Tobacco companies seek deal to end US lawsuits

Click to follow
The US tobacco giants are preparing to negotiate a secret settlement with their government to end a wave of outstanding litigation against the industry.

The impetus for a deal increased last week, with a unilateral settlement by Liggett, maker of the Chesterfield brand, with 22 states that have filed anti-smoking lawsuits.

Tobacco shares have been under pressure for the past year because of the litigation and were hit by renewed selling again on Friday.

Britain's BAT Industries, which owns Brown & William-son, the third biggest US tobacco company, is already spending $100m (pounds 62m) a year on legal fees - a sum matched by the two other majors, Philip Morris and RJR Nabisco.

Liggett, headed by corporate raider Bennett LeBow, is the weakest player in the market, and the big three are unlikely to match its offer - over a quarter of annual profits - without guarantees over further outstanding class actions.

The industry could afford a multi-billion dollar compensation package, however, in return for immunity against any further legal challenges.

The industry has adopted a policy of not commenting on its own internal discussions or those it is holding with the US government, which would need Congress to pass a new law to deliver any deal.

However, analysts are convinced that talks are underway following the steady stream of acceptance by the main players that they would be prepared to agree a deal that was in the best interests of investors.
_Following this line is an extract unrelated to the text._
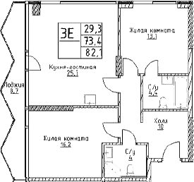 3-комнатная квартира № 250, 73.40 м2 без отделки 14 эт.

"The only way a proper settlement can be reached is at federal level and that means going through Congress," said Nyren Scott-Malden, tobacco analyst at brokers Barclays de Zoete Wedd.

"The federal authorities would also like a settlement. There's some delicate dancing going on," he said.
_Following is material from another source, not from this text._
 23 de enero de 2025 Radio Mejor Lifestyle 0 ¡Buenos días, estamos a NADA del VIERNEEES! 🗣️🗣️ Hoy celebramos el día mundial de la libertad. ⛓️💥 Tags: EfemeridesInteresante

Speculation that a settlement is on the agenda was fuelled by a Philip Morris filing earlier this month with the US Securities and Exchange Commission in which it said it "may enter into discussions with appropriate parties".

However, the company made clear that any negotiations would remain a secret. "Were that (the discussions) to happen, the company would not contemplate making any further comment as to the existence or progress of any such discussions," the company said.

The tobacco industry's recent hiring of two Washington law firms and a political lobbyist have added to the market's conviction that a deal is on the cards.